The June 8 SFWMD meeting spun a different tale.

“You think you can store this water?…We are not going to destroy the EAA agriculture, billions of dollars, and build another lake, basically. You’re trying to build another half million acre lake. It is not going to happen.”  -Newton Cook 

SFWMD officials openly opposed the reservoir. In addition to Cook vowing it wouldn’t happen (and citing wildly inaccurate figures), Vice Chairman Jim Moran, furious that the U.S. Army Corps of Engineers ruled deep injection wells out of all Lake Okeechobee Watershed Project plans, introduced a resolution for the district to go it alone and independently create a plan to use them. Moran was joined by most of his fellow board members in positioning the wells as an alternative to the reservoir. His resolution passed unanimously, and Moran says the district can get Florida taxpayers to cover the costs.

A single public comment reminded the board that the use of deep injection wells had been rejected because permanent disposal of the water 3,000 feet below the surface does nothing to actively restore the ecosystem, and because concerns remain about its ecological impact.

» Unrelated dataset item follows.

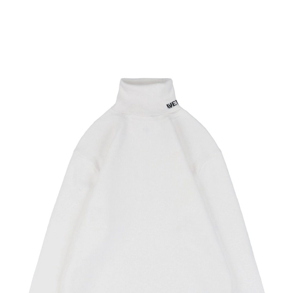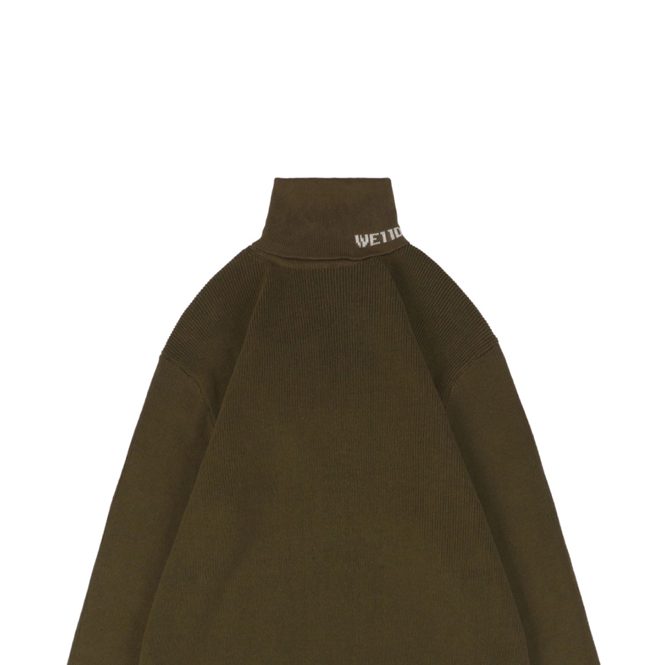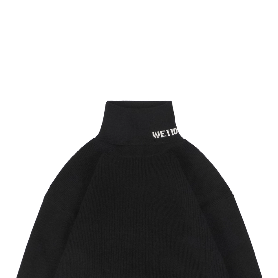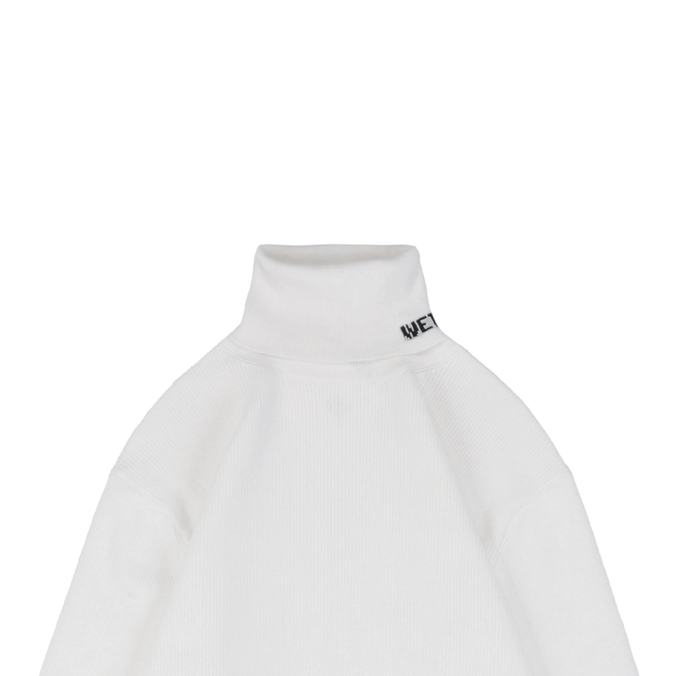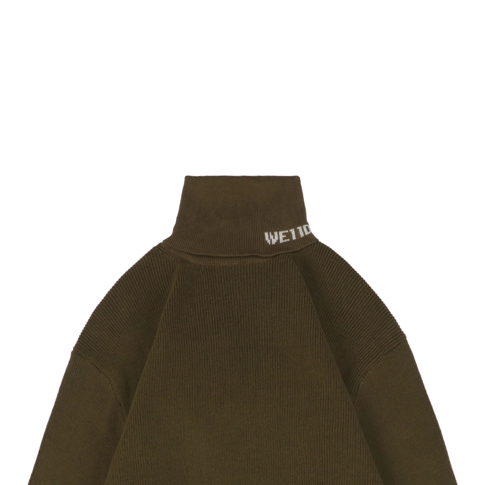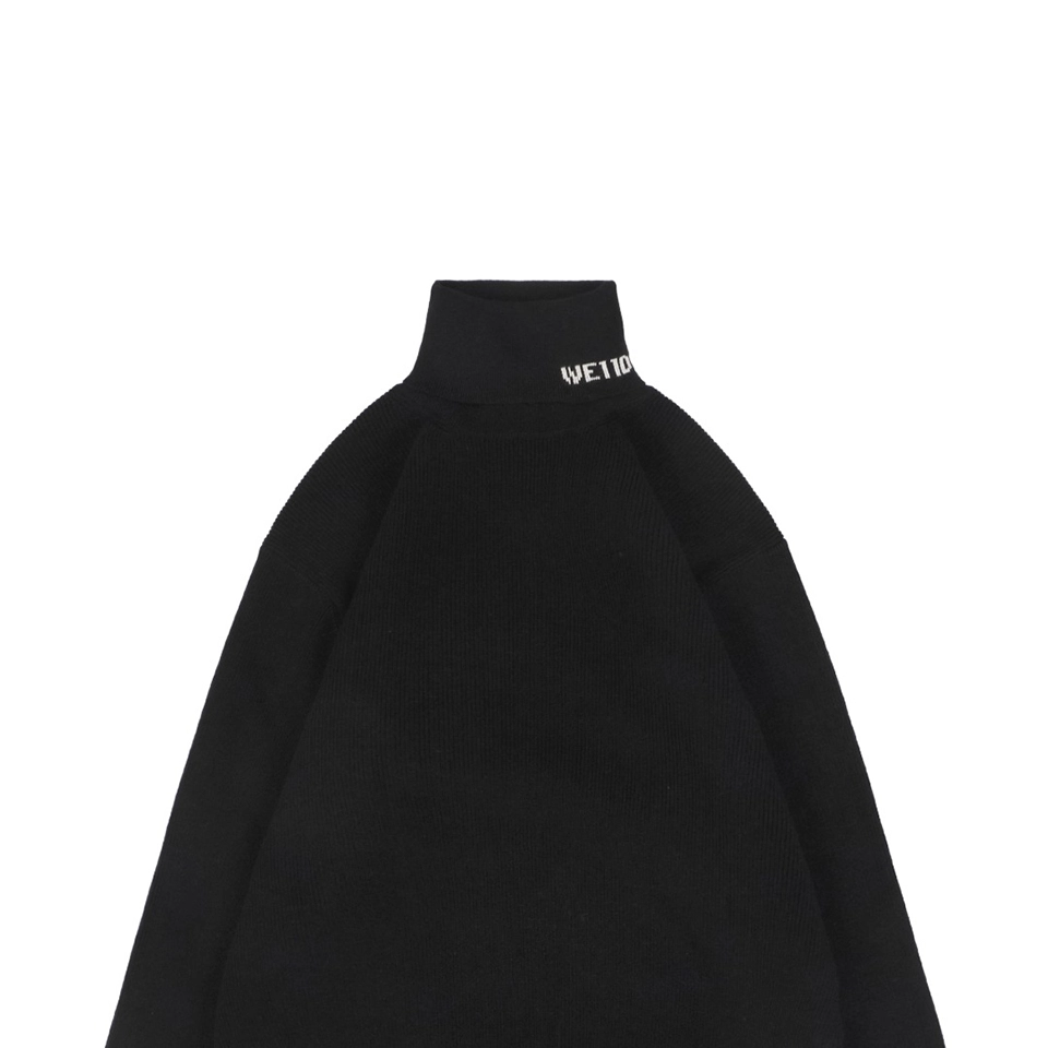 The folded turtleneck is subtly detailed with a small “WE / WE11DONE” embroidered logo, adding understated identity.

So will SFWMD obey legislators and stick to the schedule? General Counsel Brian Accardo felt compelled to publicly remind Moran that the district intended to follow the law and plan for the EEA reservoir as directed. He offered a glimmer of hope for transparency and integrity, pledging to publicize the district’s progress online. But the willingness of this agency to openly work against the public interest–and the law–is a glimpse into the challenge ahead of us to hold SFWMD accountable for the project.